Ruiyi Yan

and 2 more

Generative linguistic steganography aims to embed information into natural language texts with imperceptibility to achieve covert transmission, while segmentation ambiguity in unsegmented languages could induce decoding errors. Existing disambiguating ways are based on removing tokens of candidate pools, which could degrade statistical imperceptibility, potentially incurring safety risks. To avoid damaging imperceptibility, we focus on keeping candidate pools lossless meanwhile tackling segmentation ambiguity. In this paper, we propose SegFree, a segmentation-free generative linguistic steganographic approach for unsegmented languages. First, we present an adaptive-checksum verification method to filter errors caused by segmentation ambiguity. The sender appends adaptive-length checksum to the original covert message and embeds the whole message into steganographic texts, and correspondingly the receiver extracts and verifies all potential results through our proposed all-case extraction.
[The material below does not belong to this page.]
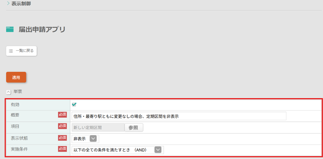 例では、届出申請アプリで「住所変更あり」または「最寄り駅変更あり」を選択した場合にのみ、新しい定期区間の入力項目を表示する方法を説明します。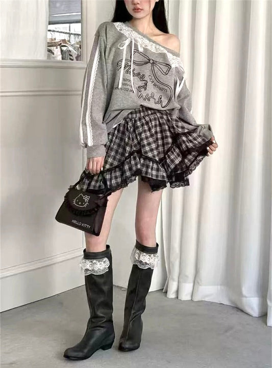日本直送 [預購] 不規則蕾絲下擺·格仔短裙 (黑 ブラック)

The checksum length is adaptive and perceptible in both sides, to minimize checksum overhead and adapt to various cases. Further, in order to transmit large-scale messages and deter knowledgeable adversaries from extracting messages, we present a key-based and anti-extraction steganographic mode where the input parameters for each grouped message can be only accessed by both sides. Experiments show that SegFree with lossless candidate pools achieves about 40% higher imperceptibility and over 30% higher embedding capacity compared to linguistic steganography equipped with the existing disambiguating approach. Besides, SegFree obtains more than 99.60% success rate of preventing adversaries’ extraction.